• Given information:

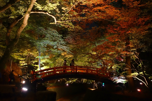 望著旁楓接起火苗,在光映中灼為金亮,我們緩緩行到了「本殿展望所」,在這兒,能見本殿屋閣連綿,直至幽夜隱微處。櫻花季時曾在廊間穿繞,周遭屋稜有跌宕的美感,此刻則因土堤地勢拔高,讓我得以循著簷脊,看它藉山牆紋刻的輝華、懸燈的炫熾,呈現另番華麗風姿。
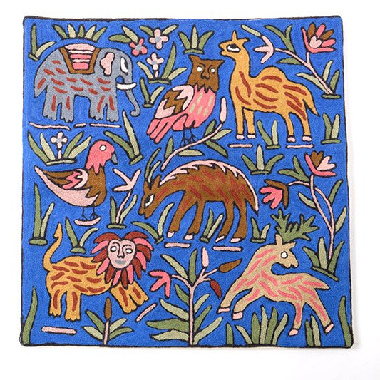 R-WA4545AN_0001アニマル 手刺繍クッションカバー 45cm×45cm (ブルー)
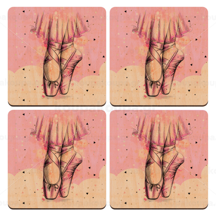 Ballerina shoes, ΣΕΤ x4 Σουβέρ ξύλινα τετράγωνα plywood (9cm)

• Assignment:
In your copy, reproduce the data above exactly and skip every picture.

• Response below:
 望著旁楓接起火苗,在光映中灼為金亮,我們緩緩行到了「本殿展望所」,在這兒,能見本殿屋閣連綿,直至幽夜隱微處。櫻花季時曾在廊間穿繞,周遭屋稜有跌宕的美感,此刻則因土堤地勢拔高,讓我得以循著簷脊,看它藉山牆紋刻的輝華、懸燈的炫熾,呈現另番華麗風姿。
 R-WA4545AN_0001アニマル 手刺繍クッションカバー 45cm×45cm (ブルー)
 Ballerina shoes, ΣΕΤ x4 Σουβέρ ξύλινα τετράγωνα plywood (9cm)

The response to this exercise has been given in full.